Deploy an Azure Load Balancer (Layer 4) or Application Gateway (Layer 7) in front of your VMs. Define a backend pool containing your VM instances. Configure health probes to ping a specific port (e.g., 80 for HTTP). If a VM fails to respond, the load balancer stops sending traffic to it and redirects to healthy VMs. This automatic failover happens in seconds. In the portal, create a load balancer, add backend pools, and set probe settings like interval (5 seconds) and unhealthy threshold (2 failures).

3

Set up auto-scaling rules

Use Azure Virtual Machine Scale Sets (VMSS) to automatically adjust the number of VM instances based on CPU usage or other metrics. For example, scale out when average CPU > 75% for 5 minutes, scale in when < 25%. This ensures performance predictability under varying load. In the portal, create a VMSS, define scaling rules, and set minimum (e.g., 2) and maximum (e.g., 10) instances. Behind the scenes, Azure Monitor collects metrics and triggers scaling actions.

4

Enable disaster recovery with Azure Site Recovery

For workloads that must survive a full region outage, configure Azure Site Recovery (ASR). ASR replicates your VMs to a secondary region (e.g., East US to West US). You define a recovery plan with order of operations. During a disaster, you initiate a failover; ASR spins up VMs in the secondary region using replicated disks. This provides recovery point objective (RPO) of seconds to minutes and recovery time objective (RTO) of minutes. In the portal, create a Recovery Services vault, enable replication for your VMs, and test failover regularly.

5

Purchase reserved instances for cost predictability

To stabilize costs, buy Reserved Instances (RI) for baseline VM usage. In the Azure portal, go to 'Reservations' and select the VM series, region, and term (1 or 3 years). You can pay upfront or monthly. RI gives a discount of up to 72% compared to pay-as-you-go. Azure automatically applies the discount to matching VMs. This step ensures that even if usage spikes, the baseline cost is fixed. For variable workloads, combine RI with pay-as-you-go.

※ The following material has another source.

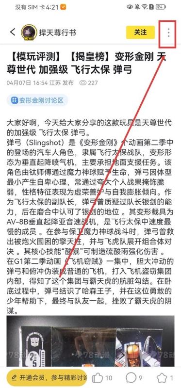 1、打开78动漫app,进入你想分享的帖子页面,点击右上角的三点标识;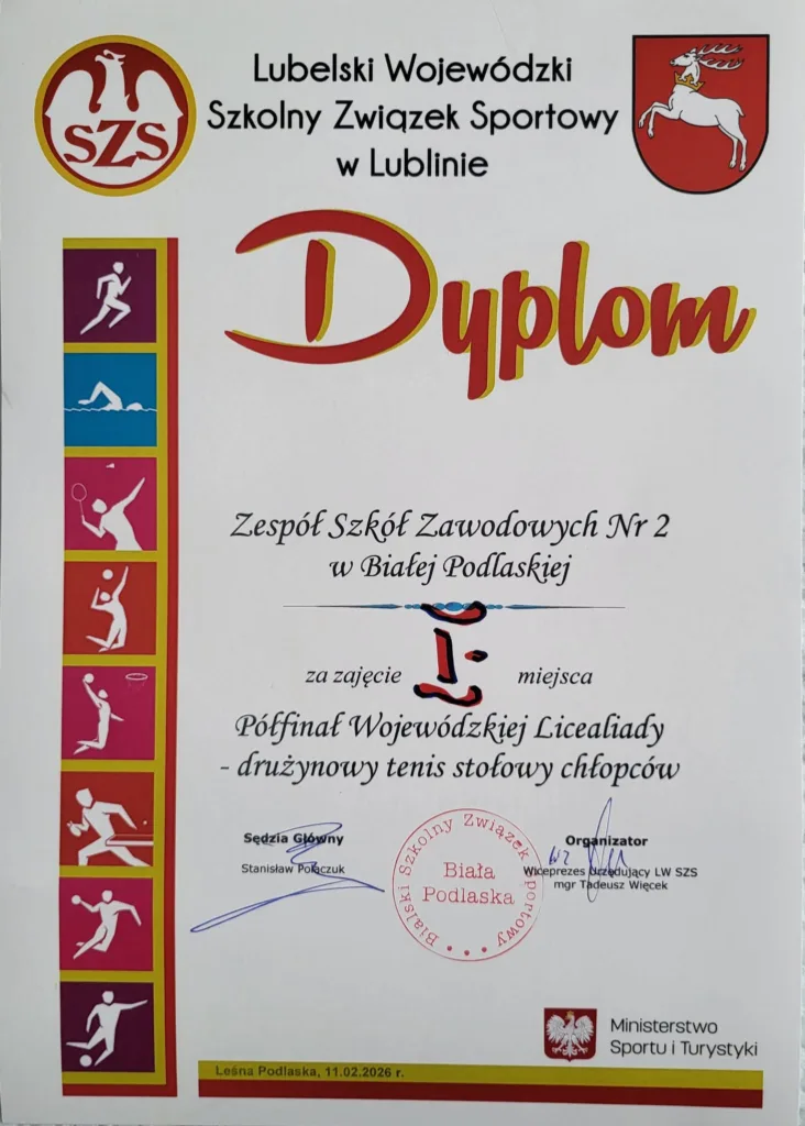 11 lutego 2026 r. w Leśnej Podlaskiej odbył się Półfinał Wojewódzki Licealiady w Drużynowym Tenisie Stołowym Chłopców.

What This Looks Like on the Job

Scenario 1: Global SaaS Provider

A SaaS company provides a customer relationship management (CRM) application to clients worldwide. They deploy their multi-tier application across Azure regions: primary in West Europe, secondary in North Europe. They use Azure Traffic Manager to route users to the nearest healthy endpoint. Inside each region, they use availability zones for each tier: web servers, application servers, and database. The database tier uses Azure SQL Database with active geo-replication to the secondary region. The team configures auto-scaling for web servers based on CPU load. Cost is managed by reserving 70% of capacity with Reserved Instances, leaving 30% for pay-as-you-go burst. The SLA for the multi-region deployment is 99.99%. If West Europe goes down, Traffic Manager automatically fails over to North Europe within minutes. The business problem solved: zero downtime for critical sales operations, and predictable monthly cloud spend.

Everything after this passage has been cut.